Twitter is investing $10m in MIT partnership to make sense of social data with a new Lab for Social Machines
Twitter is investing $10m in a partnership with US university MIT, renowned for its tech credentials, to make sense of the huge amount of social data shared by people across the world.
The Lab for Social Machines (LSM) will focus on “the development of new technologies to make sense of semantic and social patterns across the broad span of public mass media, social media, data streams, and digital content.”
Researchers will identify patterns and explore interactions on sites such as Twitter and Reddit to develop tools and apps to create “new forms of public communication and social interaction” for journalists, policy experts and researchers.
In addition to funding, Twitter will also give researchers full access to its real-time, public tweet stream as well as archives.
Twitter chief Dick Costolo said of the partnership:
"With this investment, Twitter is seizing the opportunity to go deeper into research to understand the role Twitter and other platforms play in the way people communicate, the effect that rapid and fluid communication can have and apply those findings to complex societal issues.”
Deb Roy, an associate professor at MIT’s Media Lab who will lead the LSM, and will serve as Twitter’s chief media scientist said:
“The Laboratory for Social Machines will experiment in areas of public communication and social organization where humans and machines collaborate on problems that can’t be solved manually or through automation alone.

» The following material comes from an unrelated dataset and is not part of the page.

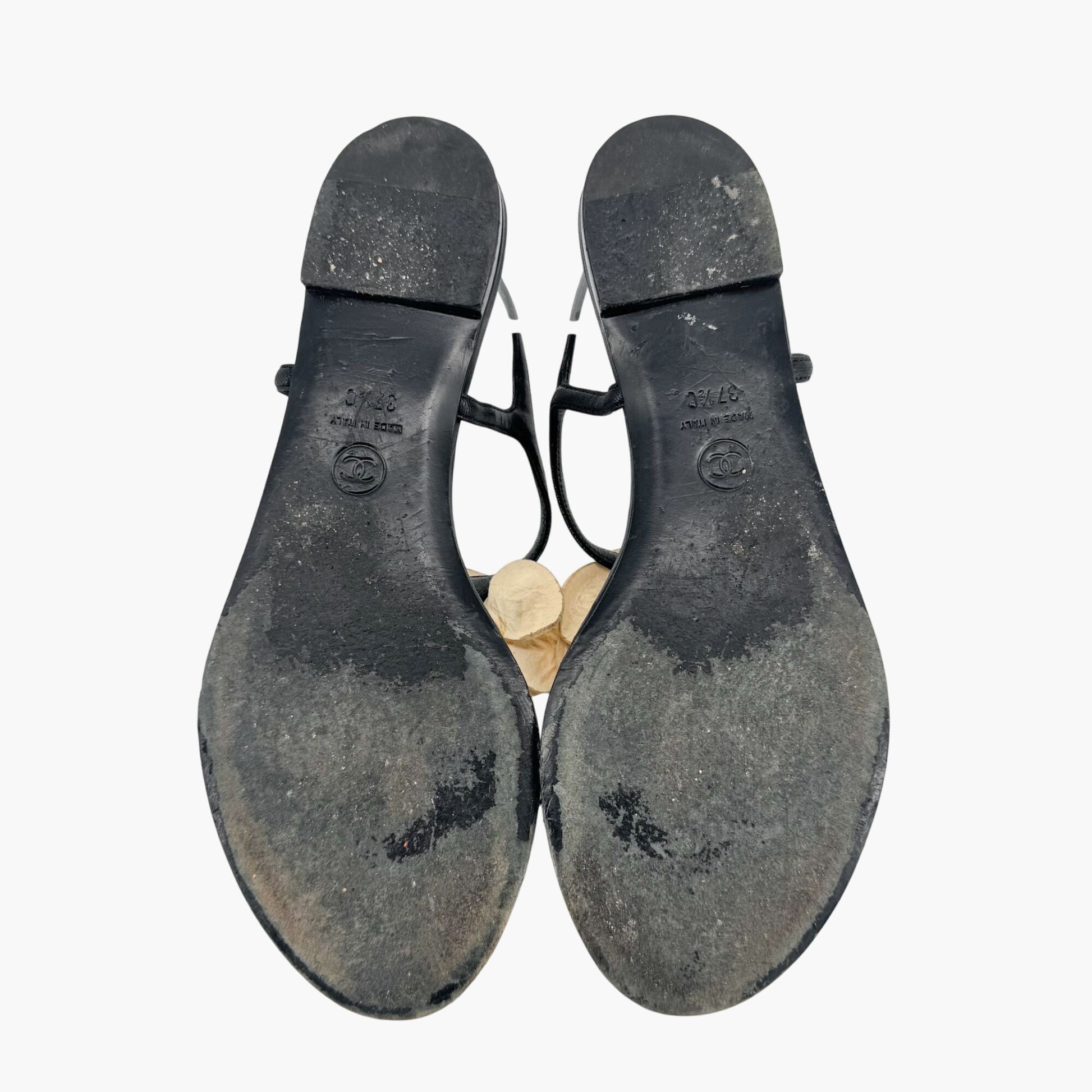 Chanel Camellia Flower CC Sandals Size 37.5C US 6.5-7 Black Leather Flat T-Strap

Social feedback loops based on analysis of public media and data can be an effective catalyst for increasing accountability and transparency creating mutual visibility among institutions and individuals."
In a blog post about the partnership, Twitter's head of business development Mark Gillis explained:
"The Laboratory for Social Machines anticipates using Twitter data to investigate the rapidly changing and intersecting worlds of news, government and collective action. The hope is that their research team will be able to understand how movements are started by better understanding how information spreads on Twitter.
The spread of news, information as well as mis-information online has been a particular point of fascination for many researchers. Global events such as the Arab Spring and more recently protests in Hong Kong and how they are communicated online can shed light on how complex ideas and information spread.